7. I offered a 1 month course on advanced data mining at UNICAMP, Brazil (ranked #2 in engineering/sciences in Latin America), with over 6 hours of lectures devoted to ideas and results intimately related to this project.

8. We have recently applied SDAP concepts to high throughput phenotype

extraction from large scale EHR data, and our first work will appear in Jl. Biological

Informatics.

The Major Results/Findings are:

1. The SDAP approach is very promising for rich, large dyadic datasets. The hard version results in good accuracy and interpretable results. However it has difficulty in the cold-start setting, when new entities are encountered instead of new relations among existing entities. This motivates the soft version based on generative models. We have worked out a series of such formulations in great detail, including how to incorporate extra information such as a social network, concept hierarchies, time evolution and even the fact that data may not be missing at random. Initial variational methods proved impractical, so we have now implemented sampling based methods, such as (collapsed) Gibbs sampling, as well as problem reformulations that are more scalable and hence practical.

2. We proposed a new optimization framework that can take the inputs from an ensemble of classifiers as well as results of unsupervised learning, to come up with consensus labels. It is based on Bregman divergences and thus is extremely general. The results have already been published at MCS (basic setting) and ICML (transfer learning setting) and well received. A full-length journal paper will appear in IEEE Trans. KDE.

3. Two types of complexity in data are a) when some classes are very rare, and b) when data may be available at different levels of granularity, e.g. mortality rates may be available at district level but age at individual level. As stepping stones to SDaP formulations for a variety of complex data, we tackled these two problems. For the first, we showed that an ensemble of trees where splitting criterion is based on alpha divergence (generalization of KL), with different values of alpha, is very robust to a range of imbalances. For the second, we formulated a generative scheme and applied it successfully to healthcare data. Both works are accepted/published in journals in addition to conference publications.

4. We have started investigation of the methodology to health informatics where genes and diseases are the two modes, both modes have several associated properties and known interaction, and the gene-disease matrix is partially observed, where known relations are codes as '1', while the rest are all considered 'unknown, likely zero'. We have developed a general approach of "constrained relative entropy minimization". This is a generalization of classical Bayesian methods, but its big advantage is that it can incorporate domain constraints in a natural fashion even in situations where it is otherwise difficult to formulate a "prior" with such knowledge. Moreover, this framework can be applied to multitask learning problems. Our results beat the current "ProDiGe" methods for the challenging gene-disease association problem, and will appear in Machine Learning Jl.

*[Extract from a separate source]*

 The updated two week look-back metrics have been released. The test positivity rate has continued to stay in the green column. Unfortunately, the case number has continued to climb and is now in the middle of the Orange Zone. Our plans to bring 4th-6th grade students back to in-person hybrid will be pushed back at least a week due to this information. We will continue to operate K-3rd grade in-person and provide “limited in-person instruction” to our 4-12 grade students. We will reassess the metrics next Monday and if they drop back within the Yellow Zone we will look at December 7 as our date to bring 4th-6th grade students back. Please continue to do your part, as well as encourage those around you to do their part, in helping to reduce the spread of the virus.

5. A collaboration with Sarnoff focussed on photo recommendation, where people and pictures are the two modes. We obtained state of the art results with both SCOAL and using a method called RLFM as the predictive models within each segment. RLFM combines both probabilistic matrix factorization and regression in a mixed-effects framework, with good abilities for both cold and warm start.

6. We have developed a set of tools using ideas of monotonicity and convexity, to address the general problem of ranking, which is at the core of many recommender systems. Our results are beating other ranking methods such as CofiRank. A spinoff from this work was a new way of determining a suitable divergence for learning GLMs, leading to an invited keynote talk at an ICML13 workshop. A margin enhanced version will appear in UAI'14.

7. We have started exploring how SDAP can be used for tensor data, specifically obtained from EHR, and to be used for high-throughput phenotyping. The base model will appear in Jl. Biomedical Informatics (a top journal for this topic), and our first enhancement has been accepted for KDD'14.